Over the years, Maynard has seen Roach lose many stakeholders in his life, but Rohde and his staff have stepped up as advocates. They have played a key role in educating the entire Mt. Lookout community about Roach’s strengths, and, as a result, other businesses have hired him for temporary needs.

“I am like a brother for him and Steve is like a brother for me,” Roach said. “I won’t quit my job for nothing. I like where I am now.”

Story adapted from LADD website recognizing the Taking Flight Awards ceremony recipients.
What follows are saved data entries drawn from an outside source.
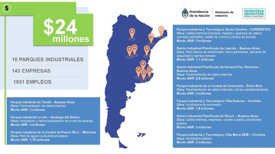 Hemos entregado los RENPI, que son los registros, los certificados para que quienes están gestionando la apertura de un parque industrial puedan hacerlo y también hemos entregado a varios parques industriales, ya abiertos, aportes no reintegrables para mejorar la infraestructura. Vamos a llegar, a fin de año, a 260 parques, o sea que el nuevo gobierno va a tener nuevos 260 parques industriales y va a tener la certificación de otros tantos, así que estamos realmente muy contentos.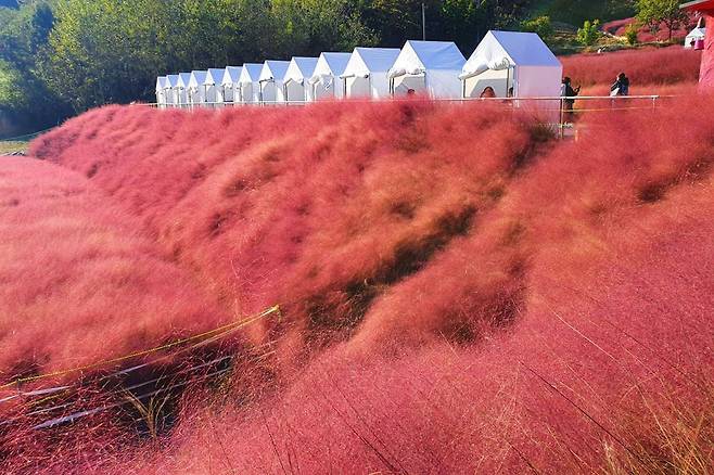 66,000㎡ 에 달하는 넓은 정원은 핑크뮬리, 핑크 메밀, 소나무와 천일홍, 백일홍 등 10여만 본의 다양한 식물들로 가득 차 있어 방문객들에게 강렬하고 잊지 못할 추억을 선사합니다.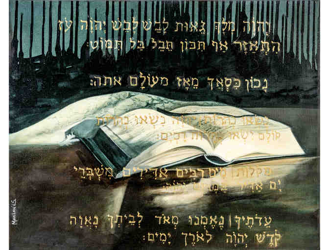 The open book and the light represent the openness to an intimate dialogue between us and G-d. The cylinders, containing the elements of Nature, represent us in our search for G-d. The powerful Hebrew letters while praying with the "kavannah" (intention or direction of the heart) elevates us to a state of consciousness closer to the Light.
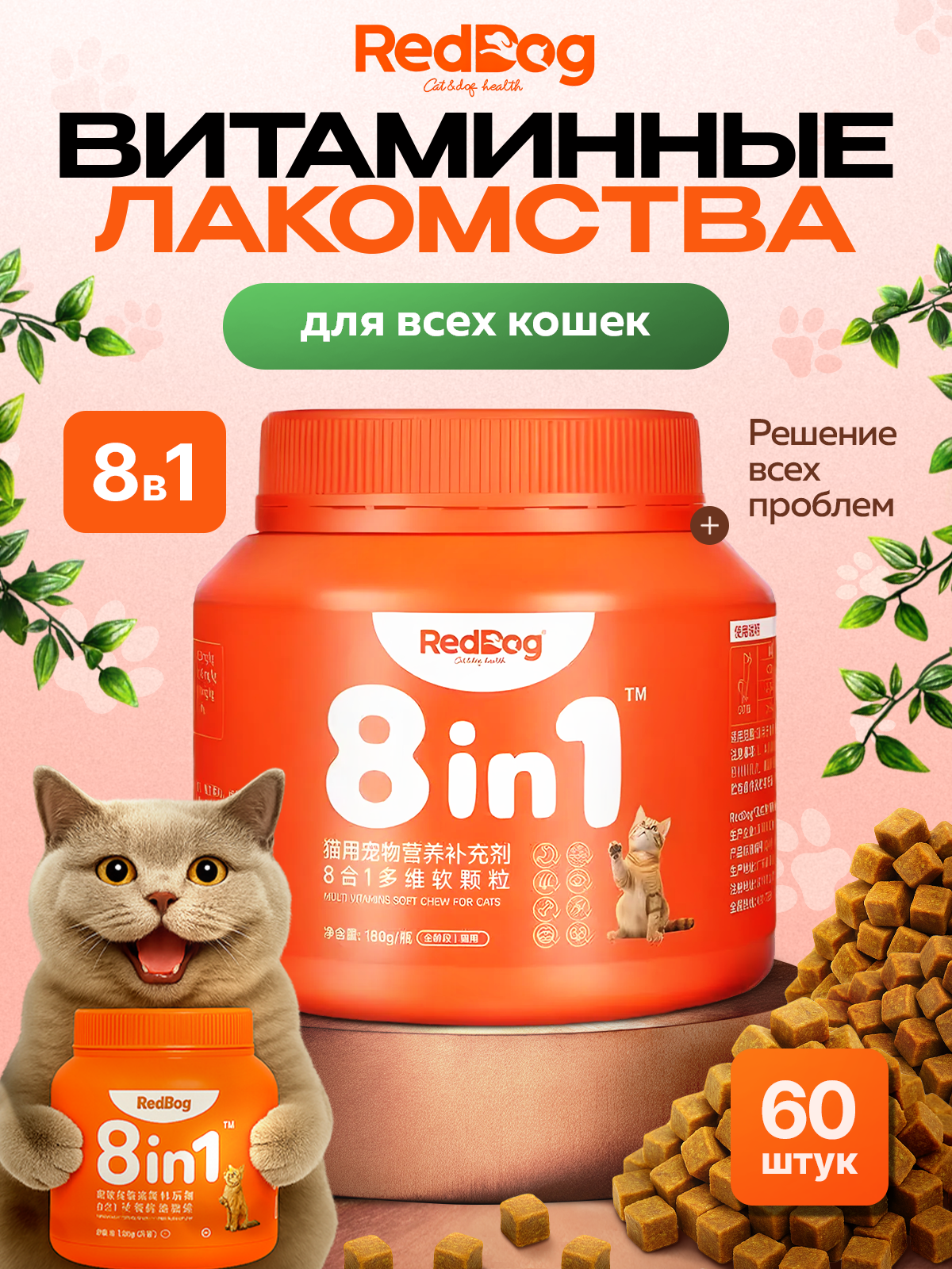RedDog 8 in 1 для кошек — это мягкие жевательные витамины премиум-класса, разработанные специально для пушистых приверед. Они не только полезны, но и нравятся даже самым капризным питомцам!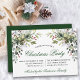 Modern Elegant Watercolor Winter Botanical Greenery and Red Holly Berries Christmas Party Invitation - Green Calligraphy Script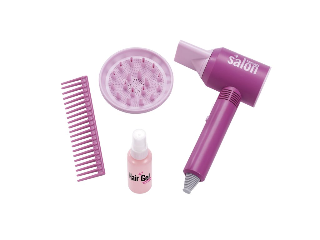 Fén s příslušenstvím. Velikost fénu 19cm. Obsahuji fén s nástavci, hřeben lahvičku na přípravek na vlasy. Skutečně fouká vzduch. Přepínač má tři polohy: 2rychlosti a vypnutí. 3xAAA baterie nejsou součástí.

Upcoming events to build inclusive workplaces

The Cincinnati USA Regional Chamber of Commerce is hosting a new event as part of their Diverse By Design initiative. It begins at noon on Monday, Sept. 26.

Topics include:

  • ROI of employing people with disabilities and veterans
  • Understanding employer tax incentives
  • Local business success stories
  • Workplace accomodation and fostering a culture of openness and comfort

Paul Daughtery, an award-winning sports journalist and author, is the keynote speaker. His book, “An Uncomplicated Life,” is about his daughter Jillian, who has Down syndrome. Jillian has been successfully employed in the community for years and wrote a guest post for our blog earlier this year.

Registration and details on the Chamber’s website.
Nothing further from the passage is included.